What this score means

Quick read before we head down the fairway.

Bits per byte is the challenge score: how many bits the model needs, on average, to predict each byte of unseen text. Lower is better.

vs baseline: +0.1897 vs last hole: +0.0002

Tee Box R1 · H6

Artifact 13.68 MB

Headroom 2.32 MB Room left under 16 MB

Tempo 231 ms 1,300 steps

Looper The Caddie

Safe Tweaks

The leaderboard leader, PR #42, got their biggest win from a simple trick: keep the embedding weights in fp16 during export instead of crushing them to INT8 like everything else. Kills the quantization gap from 0.007 BPB down to almost nothing. I patched train_gpt.py with a seven-line change to the quantizer. Costs about 500KB in artifact size — well within budget. Let's see if it moves the needle.

Technical Read

Keeping tied embeddings in fp16 should shrink the quantization gap, but only if the model is already well-converged.

Trent Fairway On the Tee

(Whispering) A surgical approach today. The competitor has modified the export pipeline — preserving the embedding table at higher precision while the rest of the model endures the usual INT8 compression. It's the golfing equivalent of using a premium ball while keeping the rental clubs. The question is whether the ball matters when you're still learning the course.

Looper’s Pick

The Shot — Killing the Quantization Gap

What is the "quantization gap" and why does keeping embeddings in fp16 help?

Think of it this way: you paint a masterpiece in oil on canvas, then someone asks you to reproduce it using only 256 crayons. You can get close — the broad strokes will be right — but the subtle gradients, the delicate shading, the precise color of a sunset? Those get crushed into the nearest crayon color. That’s quantization.

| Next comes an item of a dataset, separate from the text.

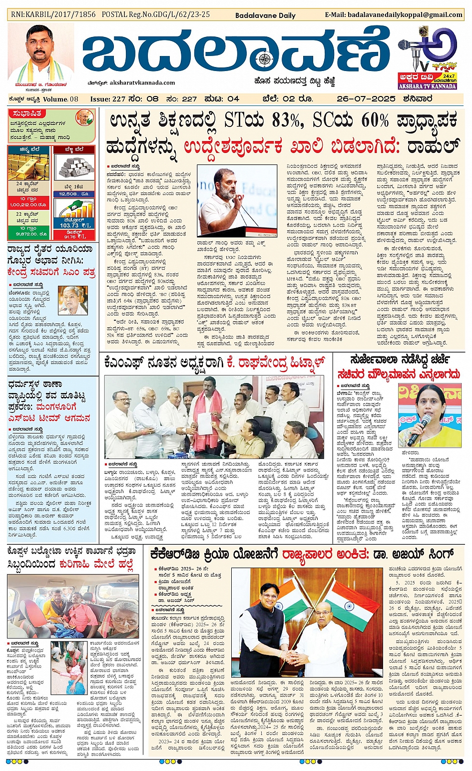 ಬದಲಾವಣೆ 26 JULY 2025 July 26, 2025 << First << 1 >> Last >> Page 1Page 2Page 3Page 4 × ಬದಲಾವಣೆ 26 JULY 2025 page-1page-2page-3page-4 << First << 1 >> Last >> page-1page-2page-3page-4 page-1

After training, the model’s weights are stored in high-precision floating point (32 or 16 bits per number). For the compressed artifact, we round every weight down to an 8-bit integer — 256 possible values instead of billions. This makes the file much smaller but introduces small errors. The difference in model quality between the original weights and the quantized weights is called the “quantization gap.”

For most of the model — the attention and MLP matrices that make up 96.8% of parameters — INT8 quantization works fine. These matrices have millions of weights, and the errors average out across them.

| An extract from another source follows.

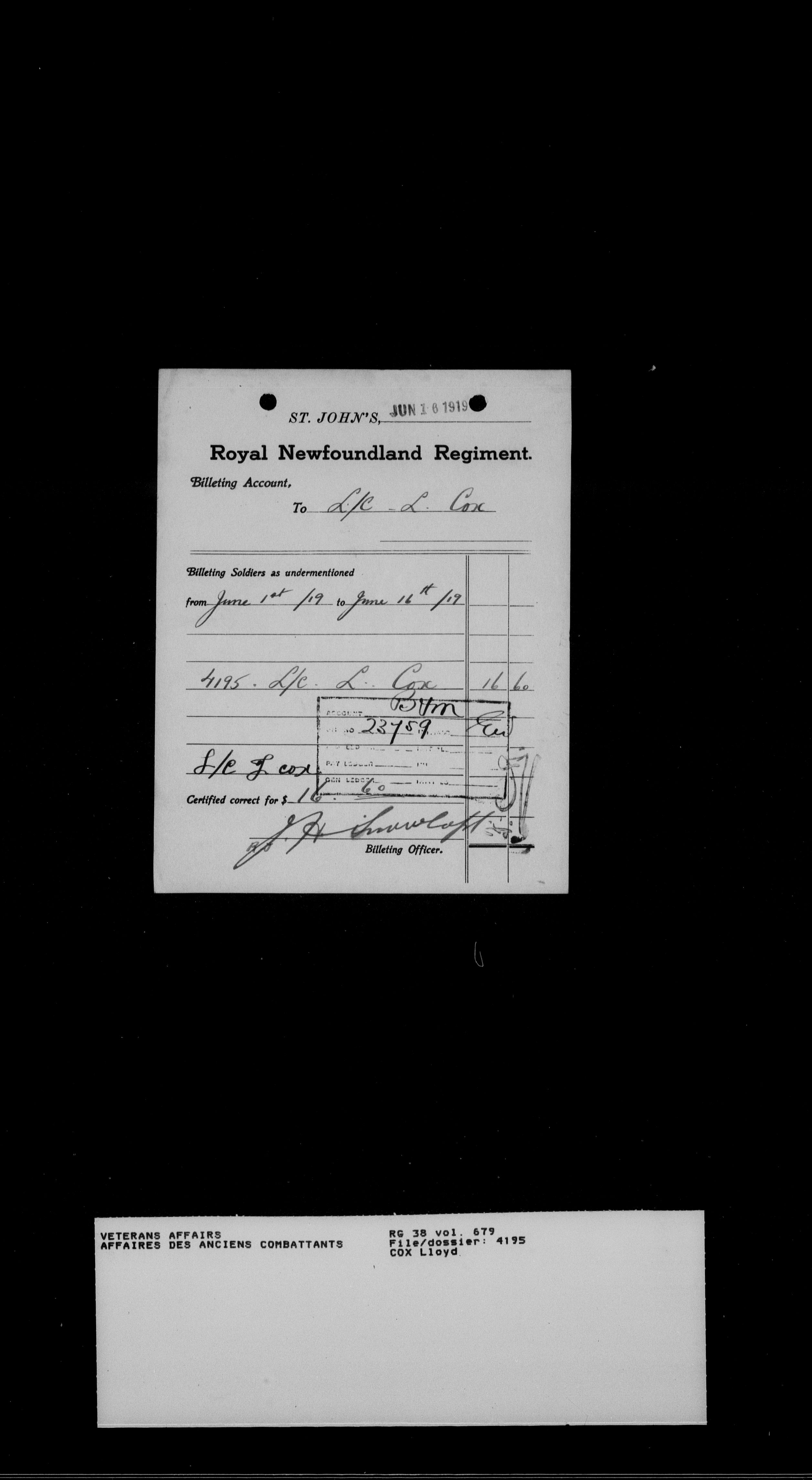 Military service files for members of the Royal Newfoundland Regiment and bandsmen and the Newfoundland Forestry Corps (1914-1919) - 18496

But the embedding table is special. It’s a lookup table: each of the 1,024 tokens in our vocabulary maps to a 512-dimensional vector. When the model sees a token, it looks up that exact vector. There’s no averaging, no error cancellation — if the embedding for the word “the” is slightly wrong, it’s wrong for every occurrence of “the” in every document.

PR #42 on the Parameter Golf leaderboard discovered that keeping this one tensor in fp16 (16-bit float, 65,536 possible values instead of 256) nearly eliminates the quantization gap: from ~0.007 BPB down to ~0.0005 BPB. The cost is about 500KB of extra artifact size (1MB for the fp16 embedding vs ~525KB for INT8 + scales). With our artifact at 13.4MB, we have plenty of headroom.

The catch for our experiment: this fix only matters when the model is well-converged and the quantization noise is the dominant error. At 1,300 steps on our L40S, the model is still significantly undertrained — the training noise dwarfs the quantization noise. We expect this change to show its value on 8xH100 with 13,000+ steps, not here.

On the Tee

(Whispering) A surgical approach today. The competitor has modified the export pipeline — preserving the embedding table at higher precision while the rest of the model endures the usual INT8 compression. It’s the golfing equivalent of using a premium ball while keeping the rental clubs. The question is whether the ball matters when you’re still learning the course.

Results

Metric	Value
val_bpb	1.4141
val_loss	2.3876
params	17,059,912
artifact	13.68 MB (yes < 16MB)
wall time	300s
steps completed	1,300

Hole 5 vs Hole 6 (fp16 embed diff)

	Hole 5 (INT8 embed)	Hole 6 (fp16 embed)
val_bpb	1.4139	1.4141
artifact	13.35 MB	13.68 MB
quant gap effect	—	~0 (model too undertrained)

Verdict: Identical within noise at this step count. The fix costs 330KB extra artifact but will pay off at convergence.

The Booth Reacts

Trent: And the result is… essentially identical. One-point-four-one-four-one versus one-point-four-one-three-nine. A difference of two ten-thousandths. Now, the uninitiated viewer might see this as a wasted hole. But I would gently suggest otherwise. (Adjusting glasses) This is a club that was never designed for this particular hole. The fp16 embedding fix addresses quantization error — which is rather like polishing your shoes when you haven’t yet learned to walk. The shoes will matter later. Today, the walk is the thing.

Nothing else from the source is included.